Michelle Huneven’s new novel gets off to a great start. It’s one of those beginnings that suggests we’ll be haunted up to the last page with questions about the truth. As it relates to Huneven’s young protagonist, a history professor, that question would be: “What really happened to Patsy MacLemoore the night she suffered an alcoholic blackout and killed two people with her car?”
Patsy shouldn’t even have been driving, what with her license having been suspended. She’s a frequent blackout drinker, but nothing this horrific has happened before. Nevertheless, she’s the one found at the steering wheel of the car that killed two Jehovah’s Witnesses, a mother and her daughter.
From here on we get a gentle story about how Patsy gets sober in prison, gets her old job back, discusses her guilt with a therapist and finds an older, fatherly man to marry. He’s rich, too, so she gets to live in a house with a to-die-for Southern California view. Meanwhile, the husband/father of the victims befriends Patsy, and she’s able to experience his forgiveness.
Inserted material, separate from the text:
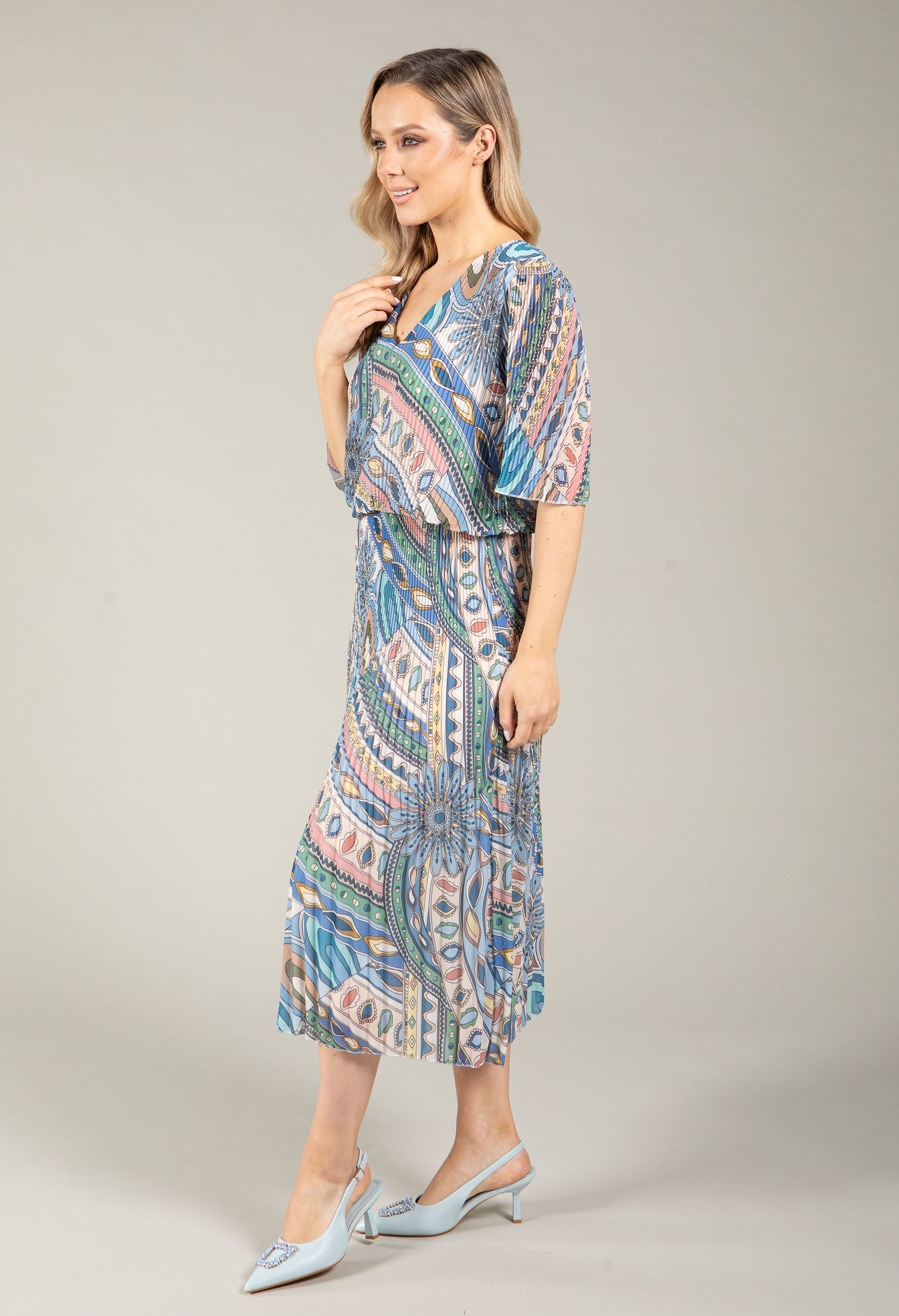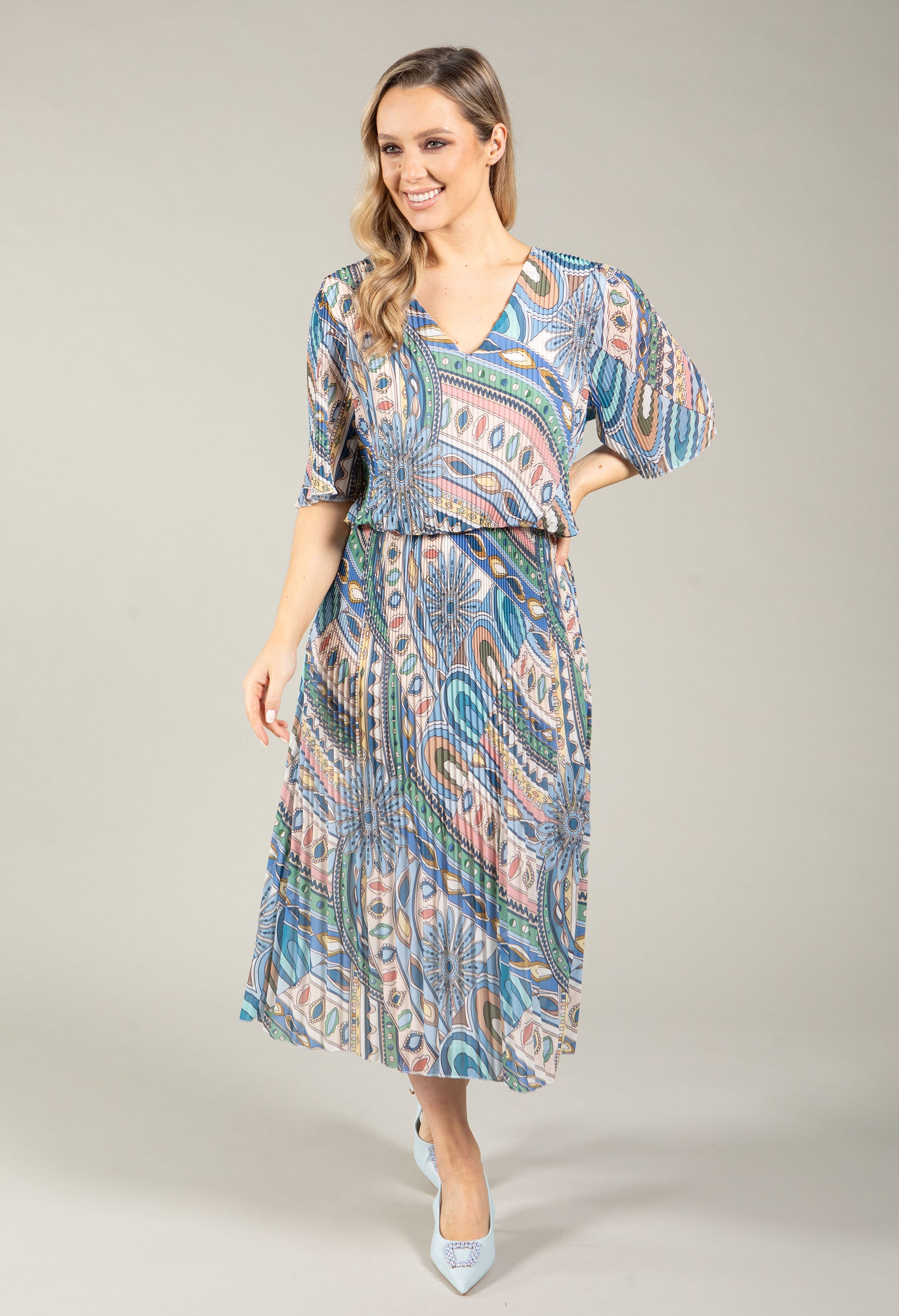 This charming midi dress combines timeless paisley print with contemporary plisse pleating for an effortlessly chic look. The V-neckline and half sleeves flatter every frame, while the elasticated waistband provides comfort and ease. Fully lined with a relaxed pop-over cut, it's your go-to piece for versatile, everyday style.

Occasionally, Patsy tells someone she doesn’t remember much about the accident or that night. Also, when she describes what the victims were wearing, she’s off by a designer mile. It’s a no-brainer to recognize these moments as hints of some shocker to come, only they’re not intense enough to haunt and the surprise takes too long to manifest. It’s also unimagined and so hits with a mild thud, far from what the dust jacket promises: “For the reader, it is an electrifying moment, a joyous, fall-off-the-couch-with-surprise moment.” (Not really.)
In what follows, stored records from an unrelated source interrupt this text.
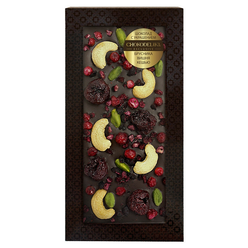 Шоколад темный с украшением брусника, вишня, кешью интересное: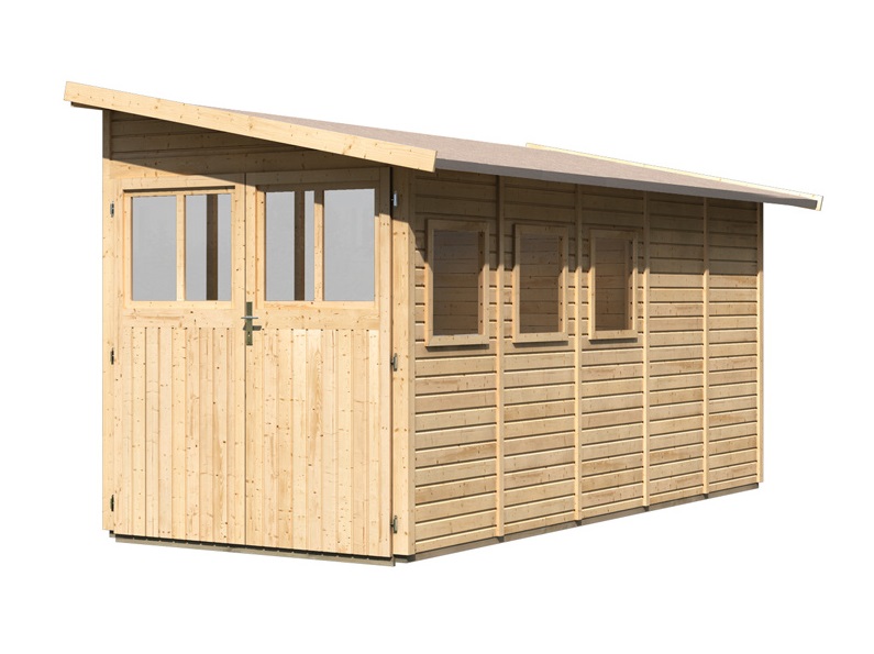 Dřevěný domek ke zdi. V domku můžete uskladnit zahradní techniku, nářadí nebo si v něm vybudovat kutilskou dílnu. Domek má šikmou střechu a jedny dvoukřídlé dveře na pantech s oknem v každém křídle. Stavebním materiálem domku jsou dřevěné profily síly 19 mm perfektně vyfrézované ze severského smrku. Dodáváme jako stavebnici v rozloženém stavu, kde stěny tvoří jednotlivé dřevěné profily, které pouze sesadíte k sobě a sešroubujete, střechu tvoří celistvá deska. To garantuje extrémně jednoduchou montáž, kterou zvládne každý český kutil.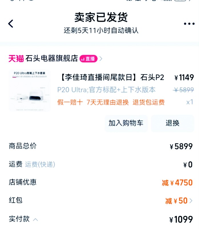5月16日晚,消费者王女士在天猫平台搜索石头科技扫地机时,发现一家名为“石头电器旗舰店”的店铺正在销售P20Ultra型号产品。该商品页面醒目标注着“李佳琦直播间尾款日”字样,原价显示为5899元,经过多重优惠后实际仅需支付1099元。这个价格让王女士感到十分意外,因为她一个月前刚在“石头生活电器旗舰店”以3909.15元的价格购买过同款产品(原价5099元)。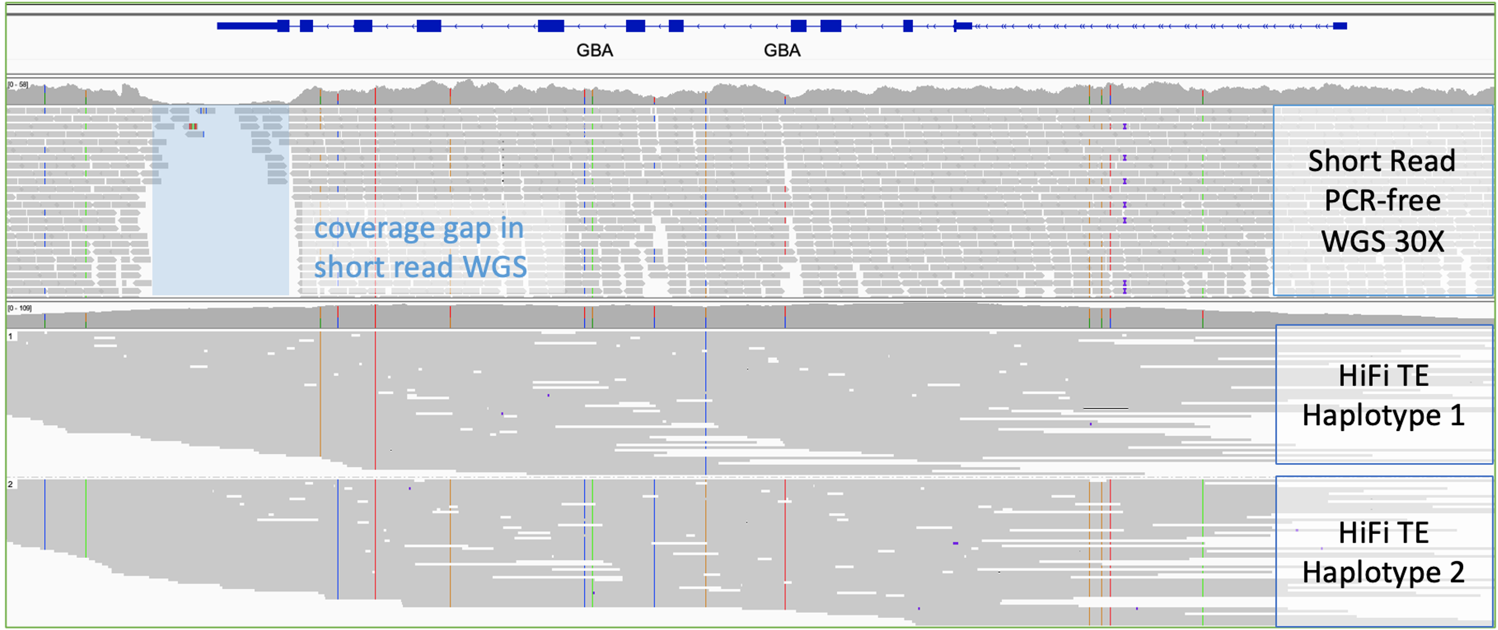 Full-gene phasing and no coverage gap in the GBA gene

Despite this let-down, Blame is enjoyable to read; it’s successfully written with a faultless, engaging style. The choices Patsy makes for her resurrected, post-prison, sober life are meaningful. Also, Patsy is a companionable protagonist whose moments — even the moment — evoke a sense of comfortable normal as she learns to live guilt-ridden but content.
Blame is a finalist for the National Book Critics Circle Award for fiction to be announced March 11. It’s not the high-calibre fiction of Wolf Hall and American Salvage, among the contenders. It’s a decent enough story, but I’m baffled by its nomination.